**BRIEF:** Return every line from the one with "Le Blob organise" through the one with "Sử dụng tranh", inclusive, exactly as it appears below.

**SUPPLIED ENTRIES:**

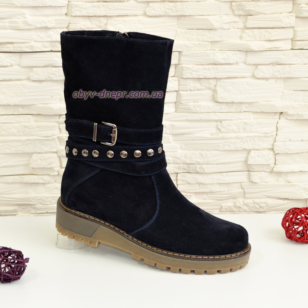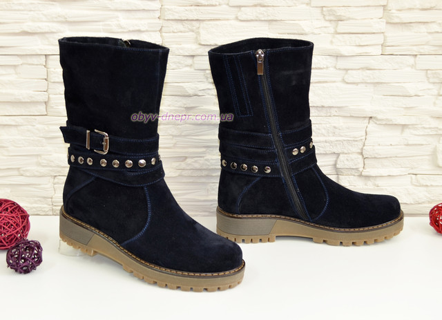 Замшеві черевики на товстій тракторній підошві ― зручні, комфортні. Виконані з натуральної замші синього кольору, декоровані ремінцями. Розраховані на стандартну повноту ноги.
==
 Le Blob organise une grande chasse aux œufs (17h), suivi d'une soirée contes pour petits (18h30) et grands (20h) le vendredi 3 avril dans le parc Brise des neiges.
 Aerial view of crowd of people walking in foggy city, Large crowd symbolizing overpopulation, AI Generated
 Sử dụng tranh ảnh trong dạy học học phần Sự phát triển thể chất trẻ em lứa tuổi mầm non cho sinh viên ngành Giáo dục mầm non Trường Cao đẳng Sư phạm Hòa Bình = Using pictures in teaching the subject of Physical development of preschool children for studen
---
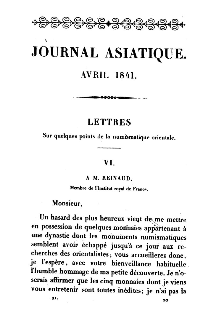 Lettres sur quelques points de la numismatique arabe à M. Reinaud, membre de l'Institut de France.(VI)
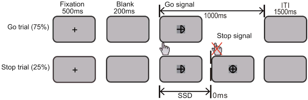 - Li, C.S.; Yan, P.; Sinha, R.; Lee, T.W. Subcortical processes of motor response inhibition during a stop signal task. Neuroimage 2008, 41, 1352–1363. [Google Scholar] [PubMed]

**WRITTEN SOLUTION:**
 Le Blob organise une grande chasse aux œufs (17h), suivi d'une soirée contes pour petits (18h30) et grands (20h) le vendredi 3 avril dans le parc Brise des neiges.
 Aerial view of crowd of people walking in foggy city, Large crowd symbolizing overpopulation, AI Generated
 Sử dụng tranh ảnh trong dạy học học phần Sự phát triển thể chất trẻ em lứa tuổi mầm non cho sinh viên ngành Giáo dục mầm non Trường Cao đẳng Sư phạm Hòa Bình = Using pictures in teaching the subject of Physical development of preschool children for studen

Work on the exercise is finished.